Make Your Voice Heard: Guidelines for Effective Advocacy
One crucial part of my mental health recovery journey is reaching out to help others in need. I do this in a variety of ways. One area that is truly a life saver for me is the volunteer work I do assisting people seeking Protection From Abuse orders, or PFA’s for short. Another area I concentrate on is acting as an advocate for people who are struggling because of their involvement in a system. I offer free help to those encountering issues with the legal system, medical system, tax system, benefits system, and school system the most often, although there are other systems I have tried to help untangle as well. I am learning through these experiences with individuals about the type of advocacy work that is done on a larger scale for whole groups.
Advocates for individual groups often meet unfair policies and practices that hinder rather than help their clients. Changes to such policies in the form of rules, regulations and laws, often require the support and commitment of legislators, political leaders and other policy makers. The following are some guidelines on how to be an effective advocate and communicate your message. Remember that efficiency requires education, both your own and your audiences, as well as reliability, accessibility and persistency.
Identify Your Goal
What do you want to accomplish? For example, decide if you want to introduce legislation to change a discriminatory employment practice like lifting a particular occupational bar or licensing restriction for people with criminal records.

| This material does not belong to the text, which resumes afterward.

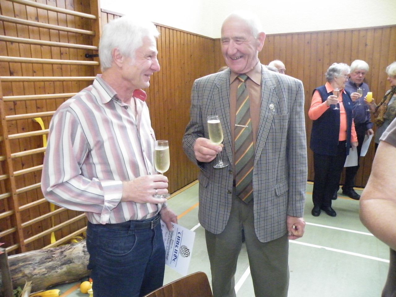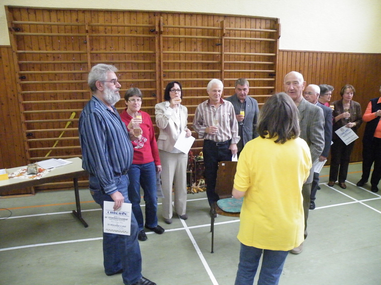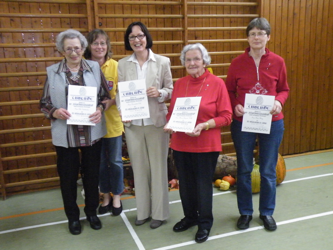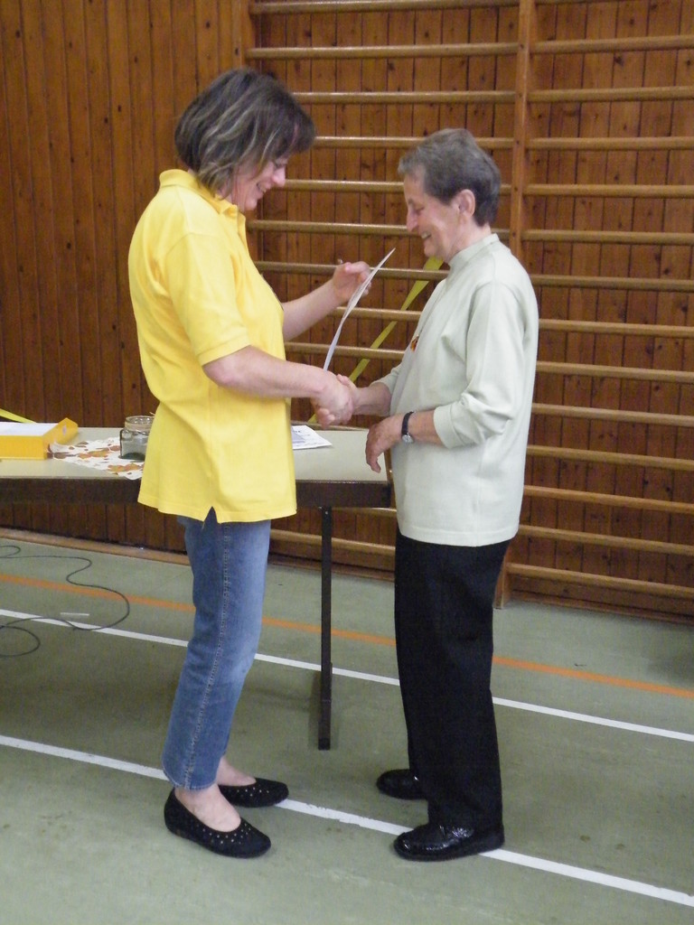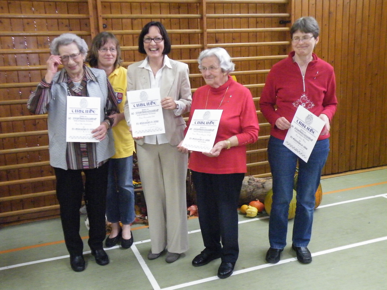 Insgesamt 52 Mitglieder hätten an diesem Tag in der Turnhalle geehrt werden können, aber natürlich haben nicht alle Zeit gefunden. Es waren aber viele persönlich anwesend, die von der 1. Vorsitzenden, Beate Picard, eine Ehrennadel und Urkunde überreicht bekamen. Als kleine Überraschung gab es für die Geehrten im Anschluss einen Sekt, Sekt-Orange oder auch Orangensaft pur. Im Einzelnen gibt es folgende „Jubilare“ (alle die nicht persönlich erscheinen konnten, erhalten natürlich auch ihre Ehrennadel und Urkunde):

Develop Your Strategy for Accomplishing Your Goal
Who has the power to effect your desired change? What is the process for the policy or regulatory change that you want to make and who has the power to make it. It could be legislators on the local, state or federal level, or perhaps, appointed commissioners on the state level who are responsible for promulgating the particular rule or regulation.
Who are your partners? Identify organizations and individuals that may share your goal and who can help you communicate your message. These may be local or statewide residents, coalitions of individuals and/or groups, as well as community-based organizations, faith-based organizations, and other advocacy groups.

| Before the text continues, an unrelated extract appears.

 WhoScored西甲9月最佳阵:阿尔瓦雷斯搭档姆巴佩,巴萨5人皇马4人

What is the timeline for your goal? Be aware of legislative timelines, such as when the legislature is in session. Be patient, understand that achieving your goal could take a considerable amount of time.
Create Documents that Will Help You Communicate Your Message
Are your documents clear and concise? Politicians, policy makers and other officials, and their staff, are busy and often do not have time to read a lot of information. However, supplying them with written information that includes data and research on your issue may support your position. Therefore, make sure that the written materials that you provide them with are specific to the issue and the area that they represent.
Helpful Tips for Conducting a Meeting
When introducing yourself make sure that you identify yourself as a constituent or as someone who represents constituents.
State the point of the meeting at the beginning.
Be brief and to the point.
Listen as well as talk during the meeting, as well as take notes on questions or concerns that come up during the meeting.
Be honest. Acknowledge the positive and negative aspects of the issue.
Share written materials during the meeting, if it is appropriate, and leave them behind for the leader of the staff that you are meeting with to read.
Cultivate a Champion
Who can represent and advocate for your issue publicly and champion your goal? It can be incredibly beneficial to have a public figure, such as a famous person or politically powerful person, to help you with your advocacy and to deliver the message you need to achieve your goal. Regardless of who it is they need to be persistent, charismatic and effective.
Most importantly, don’t burn any bridges, whether you achieve your goal or not. You never know who you may need to work with again. Be a gracious winner or loser.